Your objective:
Without including any pictures, write out the listing below exactly.

Supplied data:
--------------------------------------------------

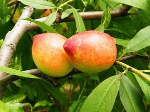 桃(学名:Amygdalus persicaL.):蔷薇科、桃属植物。落叶小乔木;叶为窄椭圆形至披针形,长15厘米,宽4厘米,先端成长而细的尖端,边缘有细齿,暗绿色有光泽,叶基具有蜜腺;树皮暗灰色,随年龄增长出现裂缝;花单生,从淡至深粉红或红色,有时为白色,有短柄,直径4厘米,早春开花;近球形核果,表面有毛茸,肉质可食,为橙黄色泛红色,直径7.5厘米,有带深麻点和沟纹的核,内含白色种子。
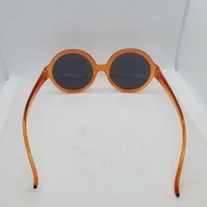 Orange sunglasses with orange sparkly smiling orange design case with handles.
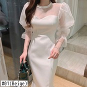 フレアスリーブ メッシュ ドレス Oネック JPLS26364520670

--------------------------------------------------

Output for this exercise:
 桃(学名:Amygdalus persicaL.):蔷薇科、桃属植物。落叶小乔木;叶为窄椭圆形至披针形,长15厘米,宽4厘米,先端成长而细的尖端,边缘有细齿,暗绿色有光泽,叶基具有蜜腺;树皮暗灰色,随年龄增长出现裂缝;花单生,从淡至深粉红或红色,有时为白色,有短柄,直径4厘米,早春开花;近球形核果,表面有毛茸,肉质可食,为橙黄色泛红色,直径7.5厘米,有带深麻点和沟纹的核,内含白色种子。
 Orange sunglasses with orange sparkly smiling orange design case with handles.
 フレアスリーブ メッシュ ドレス Oネック JPLS26364520670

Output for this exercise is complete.